Each satellite that gathers cloud data is slightly differently calibrated, and observations made by people from the Earth's surface have to be subjective. "So if there were trends in either one of those (data sets), you would be very suspect," Dr Clement told the Science podcast.
So she and her colleagues looked at both satellite and surface-based observations together.
"Basically, our approach was to take imperfect but independent data sets and add them together," she told BBC News.
"Where they agreed we said it added confidence that the signals were real and not just some spurious trend."
Dr Clement described the findings as "almost shocking".
They noticed that, in the past 50 years, there had been a "positive feedback" cycle in the low-cloud cover, so when the surface of the ocean was warmer, there had been less cloud cover.
"These are subtle changes that take place over decades," Dr Clement commented. "But it's indicative of a vicious circle."
Better modelling
The authors then tested leading climate models and found that only one - a model designed by scientists at the UK Met Office's Hadley Centre - reproduced this cloud effect.
This particular model predicts one of the more pessimistic climate change scenarios, with temperature increases at the high end of the range of forecasts.
Dr Clement said that this range of different projected temperature increases, in response to greenhouse gases, had been "almost entirely" caused by the uncertainty about cloud feedback.
Daniel Lunt, a climate scientist from the University of Bristol, UK, said this was an "important finding", but that it would be a "quantum leap" to conclude that this single model's predictions about the effects of cloud cover on the future climate would be correct.
"Cloud feedbacks do not necessarily work in the same way under conditions of natural variability compared to (how they will work during) future carbon dioxide-induced warming," he explained.

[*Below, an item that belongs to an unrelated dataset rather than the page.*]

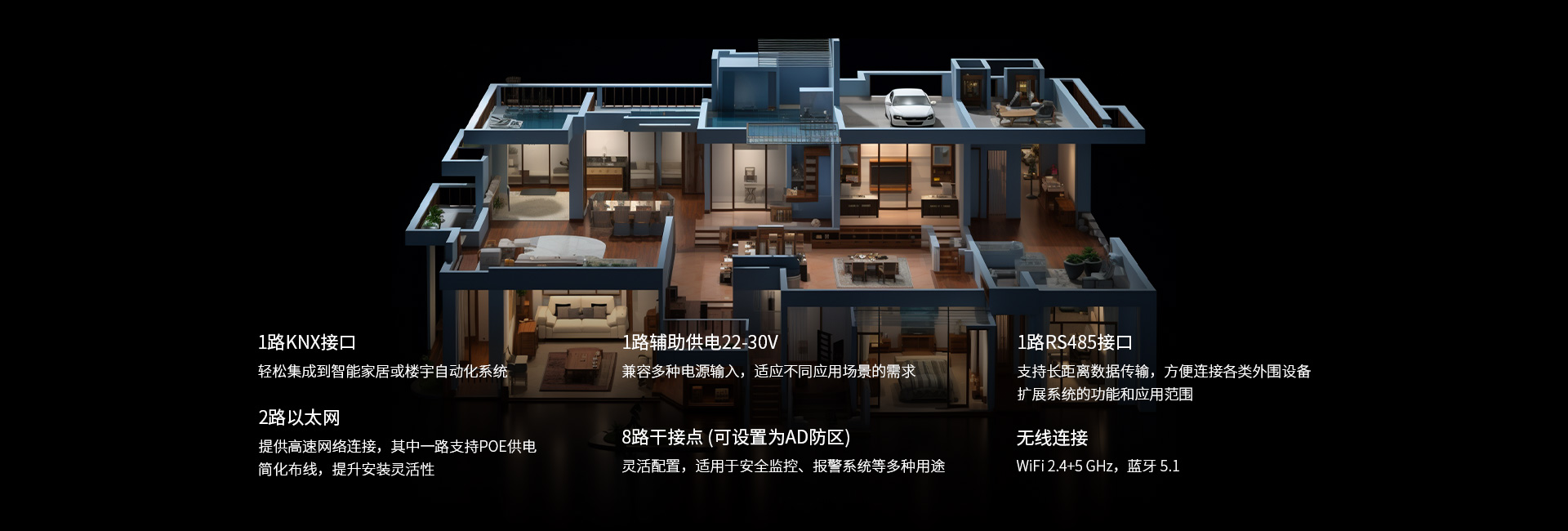 含1路KNX接口、2路以太網(wǎng)、1路輔助供電22-30V、8路干接點(diǎn)(可設(shè)置為AD防區(qū))、1路RS485接口,并支持WiFi 2.4+5 GHz,以及藍(lán)牙 5.1無(wú)線連接。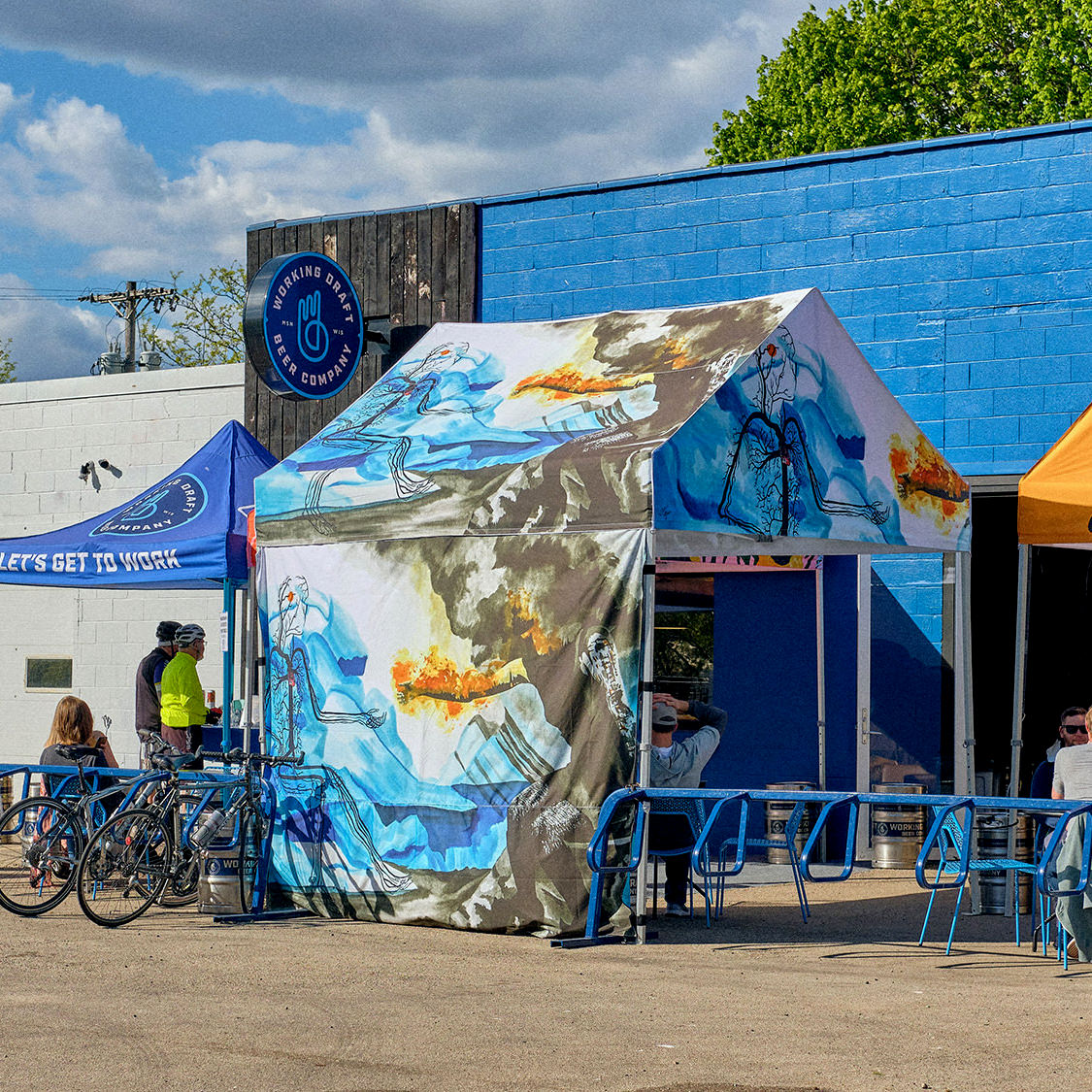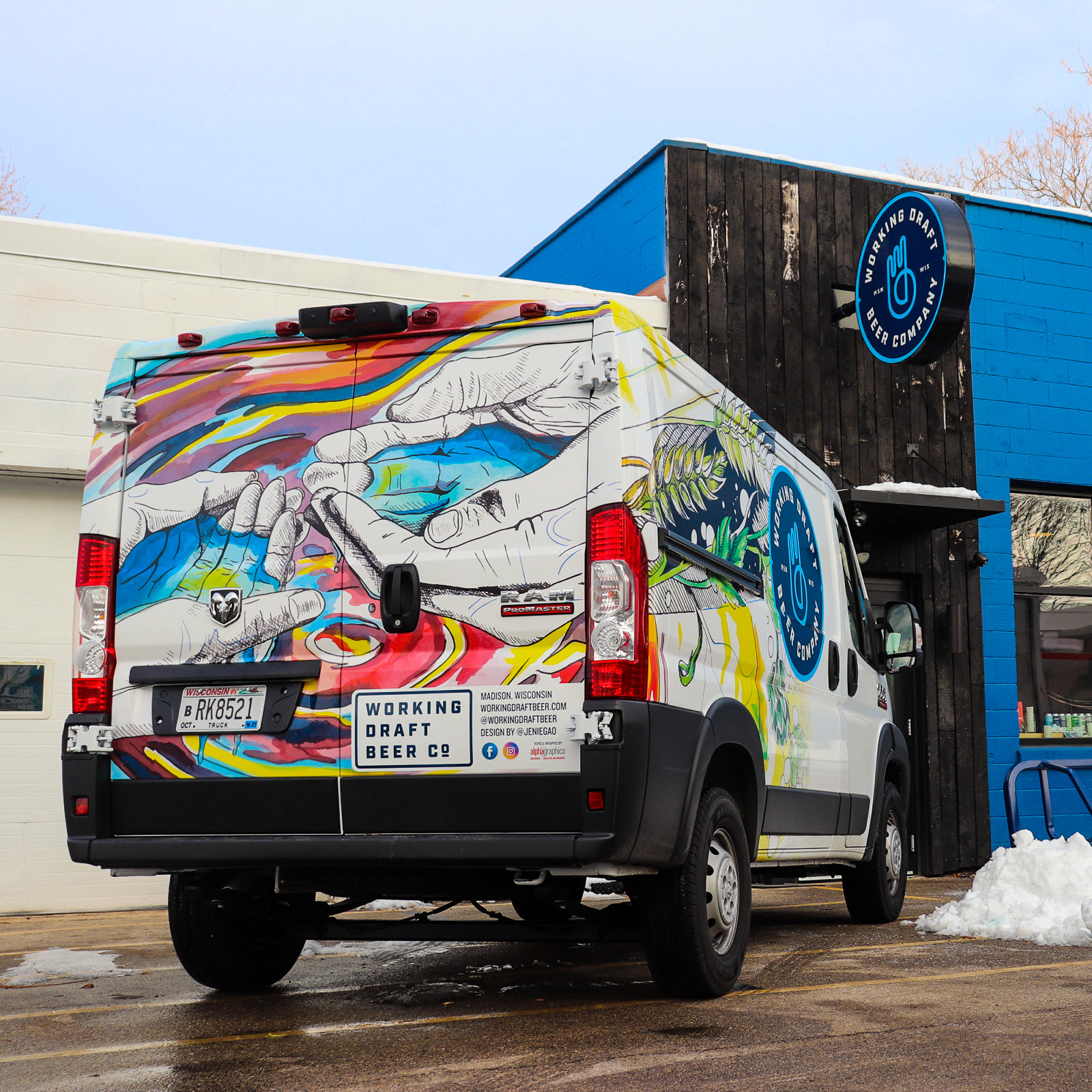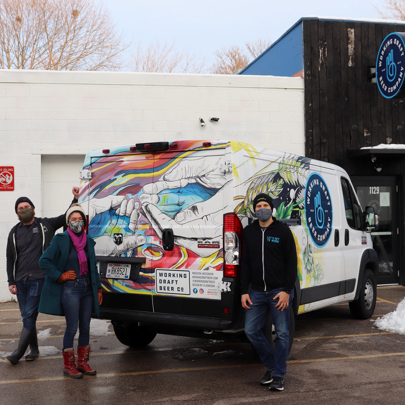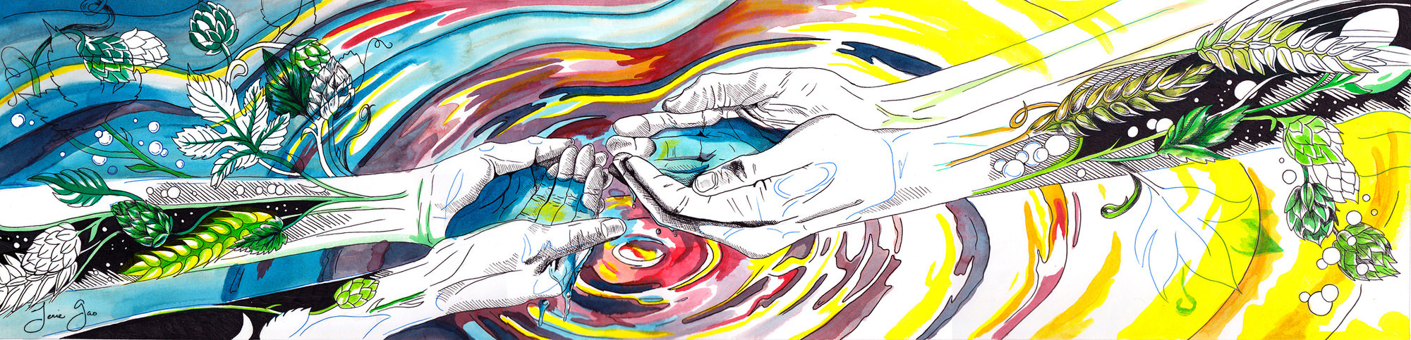 "Working Draft Beer Co. hired Jenie in the Spring of 2018 to produce a 200 sq. ft. original mural inside our taproom that would invoke the industry, artistry, and community inherent to brewing. Immediately, we were floored by the depth and breadth of conversations we had with Jenie. We spun general concepts, ideals, back-of-napkin notes, and from all of that she grasped and weaved and created a piece embodying what we could only half-articulate, which is exactly what art does! The mural, How We Gather, is now synonymous with Working Draft Beer Co., so much so that we had our delivery van fully wrapped in the image, transporting the mural throughout Madison on beer deliveries. Similarly, we have had beer koozies and glassware feature the mural, each a little totem of who we are as an organization."

But Dr Clement said: "This is coming from a model where this cloud feedback has been validated against observations. So the fact that (its predictions are) at the upper end of the range is something that merits more attention."
Dr Clement stated that the findings provided "a new way of looking at cloud changes".
"This can help improve the simulation of clouds in climate models, which will lead to more accurate projections of future climate changes," she said.
Matt Collins, a researcher from the Hadley Centre, said that the findings gave him confidence in the ability of models to predict climate change.
It was impossible to extrapolate this one test and say exactly what would happen in the future climate, he told BBC News. "But we have been studying cloud feedback mechanisms for years, and this gives us justification to pursue this project."